In a way, the abuse victim's own body and mind are rendered his worse enemies. It is mental and corporeal agony that compels the sufferer to mutate, his identity to fragment, his ideals and principles to crumble. The body, one's very brain, become accomplices of the bully or tormentor, an uninterruptible channel of communication, a treasonous, poisoned territory. This fosters a humiliating dependency of the abused on the perpetrator. Bodily needs denied – touch, light, sleep, toilet, food, water, safety – and nagging reactions of guilt and humiliation are wrongly perceived by the victim as the direct causes of his degradation and dehumanization. As he sees it, he is rendered bestial not by the sadistic bullies around him but by his own flesh and consciousness.

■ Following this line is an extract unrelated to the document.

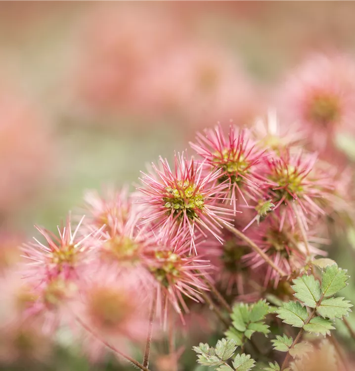 Acaena microphylla bildet ballförmige, cremeweiße Blüten ab Juni.

The concepts of "body" or "psyche" can easily be extended to "family", or "home". Abuse – especially in familial settings – is often applied to kin and kith, compatriots, or colleagues. This intends to disrupt the continuity of "surroundings, habits, appearance, relations with others", as the CIA put it in one of its torture training manuals. A sense of cohesive self-identity depends crucially on the familiar and the continuous. By attacking both one's biological-mental body and one's "social body", the victim's mind is strained to the point of dissociation.
Abuse robs the victim of the most basic modes of relating to reality and, thus, is the equivalent of cognitive death. Space and time are warped by sleep deprivation – the frequent outcome of anxiety and stress. The self ("I") is shattered. When the abuser is a family member, or a group of peers, or an adult role model (for instance, a teacher), the abused have nothing familiar to hold on to: family, home, personal belongings, loved ones, language, one's own name – all seem to evaporate in the turmoil of abuse. Gradually, the victim loses his mental resilience and sense of freedom. He feels alien and objectified – unable to communicate, relate, attach, or empathize with others.
Abuse splinters early childhood grandiose narcissistic fantasies of uniqueness, omnipotence, invulnerability, and impenetrability. But it enhances the fantasy of merger with an idealized and omnipotent (though not benign) other – the inflicter of agony. The twin processes of individuation and separation are reversed.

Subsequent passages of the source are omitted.